**Task details**. Print each line exactly, from the one with "Stavebnice modelu dřevěné" to the very last line of the listing, and keep the pictures out.

**Provided data**.
──────────────────────────────
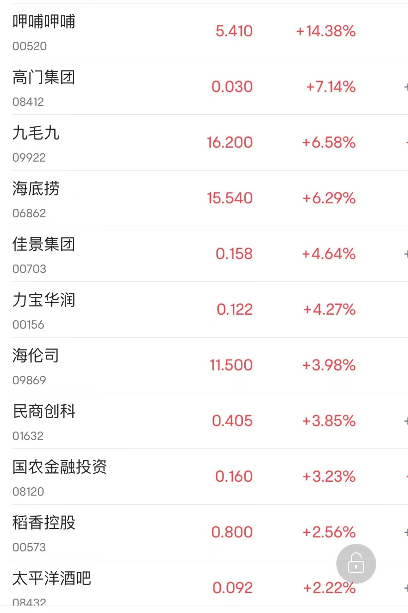 呷哺呷哺涨超14%,高门集团涨超7%,九毛九涨超6.5%,海底捞涨超6%,佳景集团、力宝华润涨超4%,海伦斯涨近4%。
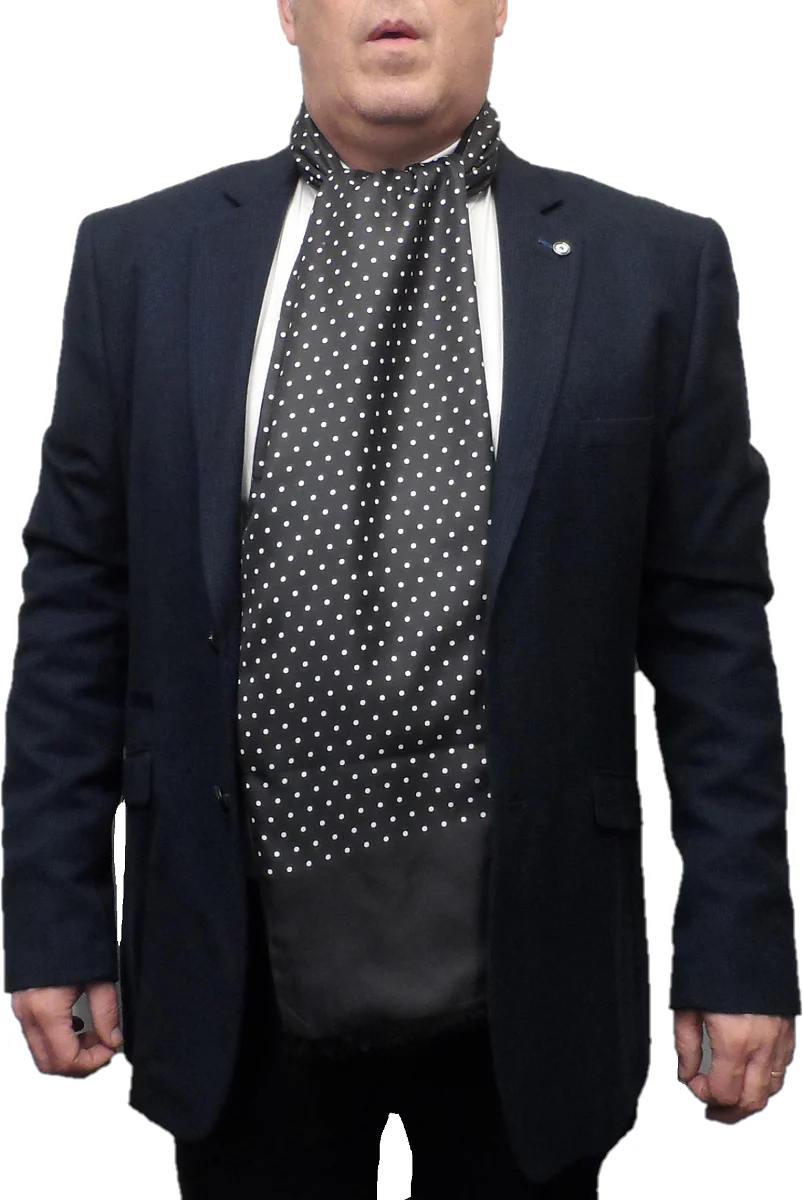 Mazeys Classic Retro Mod Mod Tassled Scarf Black Polka Dot
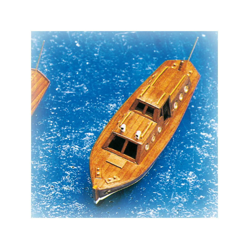 Stavebnice modelu dřevěné lodičky - Motorový kajutový člun, rozměry 125x35x43mm. Jednoduchá stavebnice obsahuje přepážky vyřezané laserem z překližky, sadu lišt a stavební plány.
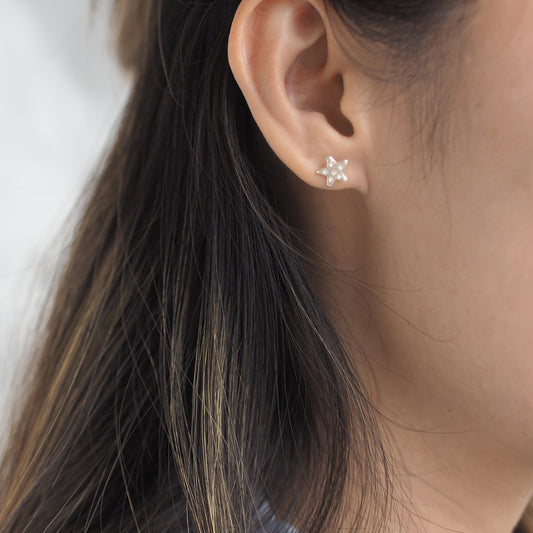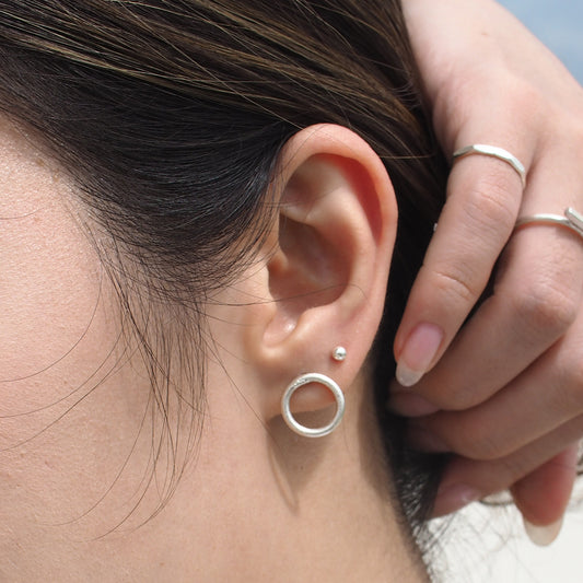 . Earring stem and base made of 92.5% silver, 7.5% copper.
──────────────────────────────
**Response**.
 Stavebnice modelu dřevěné lodičky - Motorový kajutový člun, rozměry 125x35x43mm. Jednoduchá stavebnice obsahuje přepážky vyřezané laserem z překližky, sadu lišt a stavební plány.
 . Earring stem and base made of 92.5% silver, 7.5% copper.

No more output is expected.